春の食材
雪が融け暖かくなり木々の芽がいっせいに顔を覗かせてくる・・・そんな生命力に満ち溢れた食材が豊富に採れるのが春です。![]()
筍
春といえばまず欠かせないのが筍です。米糠でゆがいてあくをぬいたものを一番出汁でじっくり炊きわかめと合わせた若竹煮や木の芽和え、筍御飯などを当店ではご用意しております。筍は収穫後から品質の低下が早いためなるべく近地域のものをと心がけており、晩春になれば京都北部で特に有名な福知山市報恩寺産の筍もゆう月の料理にひと味加えてくれます。
桜鯛
いわゆる真鯛のことで、産卵期をむかえる春先には体色がきれいな桜色に変化します。このことから春の真鯛のことを桜鯛と呼びます。言わずと知れた魚の王様として日本料理でも刺身を始め、焼物・煮物・御飯と幅広く扱われます。
当店でも3月・4月の旬の単品としてかぶと煮や鯛ごはんとしてお出ししております。
タラの芽
日当たりのいい場所を好み春になると枝の先からふっくらとした新芽が顔を出し、収穫してもすぐに第二の芽が顔をのぞかせる・・・そんな春らしい活力に満ちた素材がタラの芽です。“山菜の王様”とも呼ばれ、天麩羅にすると絶品です。
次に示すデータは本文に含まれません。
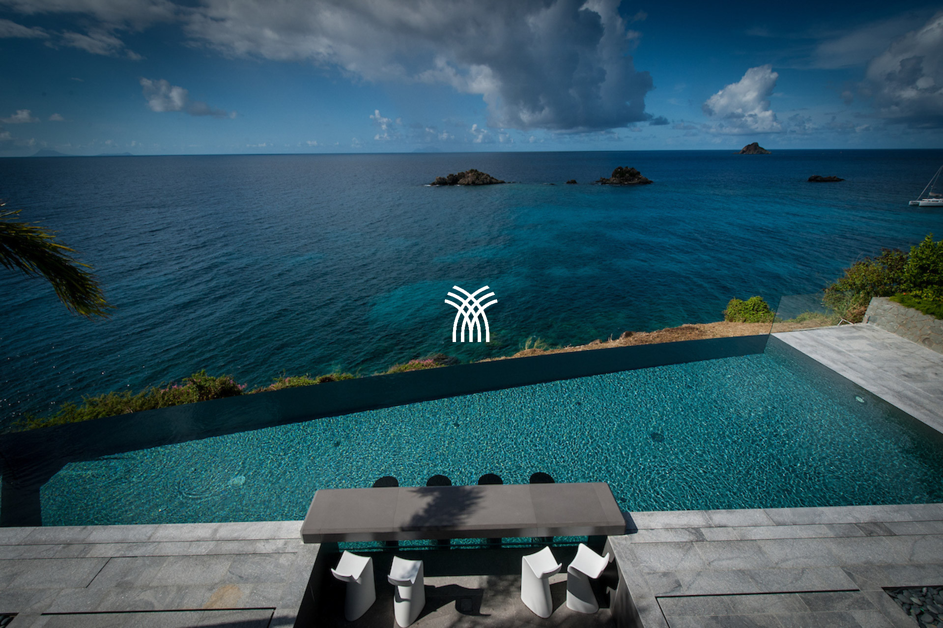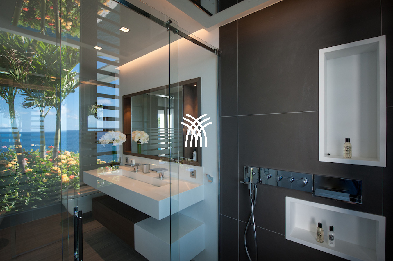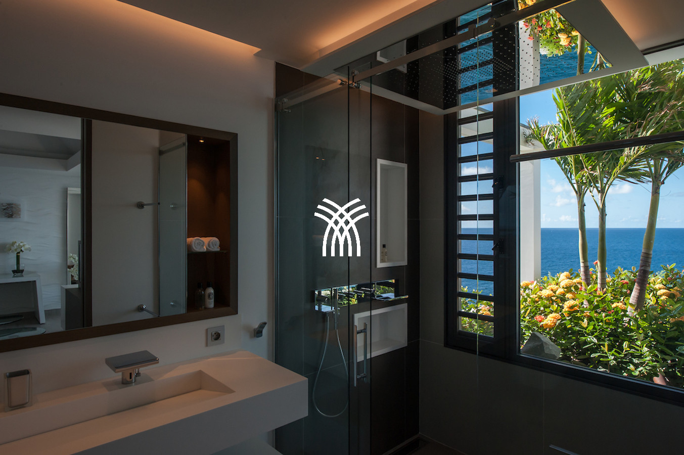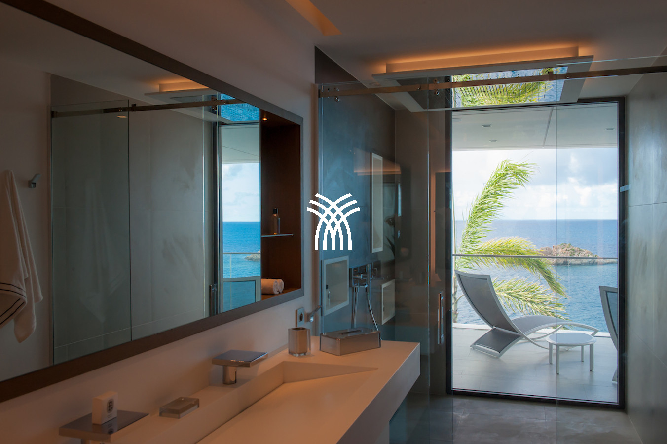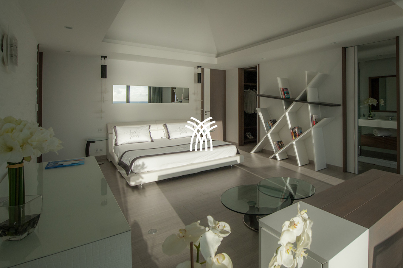 The vacation rental is built on 2 levels and consists of 4 suites with private terraces facing the ocean. On the upper level is the entrance and 4 suites. The fifth suite as well as the common areas and the swimming pool are on the lower floor which is accessed by a sumptuous glass staircase.
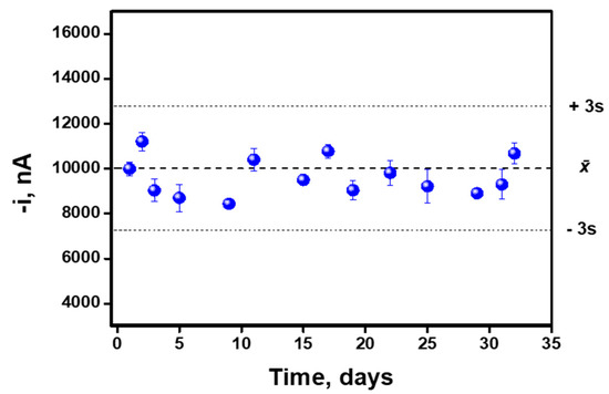 Due to its potential use as a POC, in order to simplify the entire procedure and, in turn, to reduce the final analysis times, the stability of the MB–captured antibody complexes was studied to be used as stock “reagents”. Their stability was studied at 4 °C during a period of 1 month using the on-drop SPE-C immunosensor approach. The control chart of the stability assay is shown in Figure 4, where each point corresponds to the mean value for three successive measurements performed in the same day (intra-day immunoassays). As can be seen, the immunosensor response remained inside the control limits placed at ±three times the standard deviation value calculated for the whole set of experiments, during the entire period of time checked (inter-day immunoassays, n = 14). These results demonstrate the excellent stability of the MB–cAb complexes.

当店でも天麩羅の付けあわせなどに使用しておりますが、日により異なることもありますので、必ず召し上がりたい方は予約の際に確認いただくことをおすすめします。
菜の花
ふきのとうと並んで春の味覚の走りとしてお出しするのが菜の花です。まだ雪が舞うころからお皿の上に盛られ、一足早く春の訪れを感じる一品となります。
当店では天麩羅や椀の実に、あとからし合えなどに調味してお出ししております。独特のほろ苦さがどんどんお酒を進ませてくれます。
こごみ
山菜の中でも珍しくあくが少なく、淡白な味わいでさっと調理して手軽に食せるのでご家庭でもおかずの一品となります。またそのきれいな緑色とかわいらしい形が付け合せの脇役としても存在感を見せてくれます。
鰆
魚へんに春と書きまさに春が旬の魚、しかしこれは春に産卵期をむかえ沿岸部によってくることで人目に付くことからついたという説もあり、「寒鰆」とも呼ばれるように、正確には冬から春が旬、冬に油がのり身がしまって美味しくなります。当店でも1月末か2月ごろから仕入れ始め5月ごろまでの予定でお出ししており、調理法は菜の花と一緒に焼く菜種焼きや木の芽衣で揚げる天麩羅などです。
また、舞鶴漁港は国内での漁獲量第4位(2002年現在)で当店にも鮮度のいい鰆が入ってきます。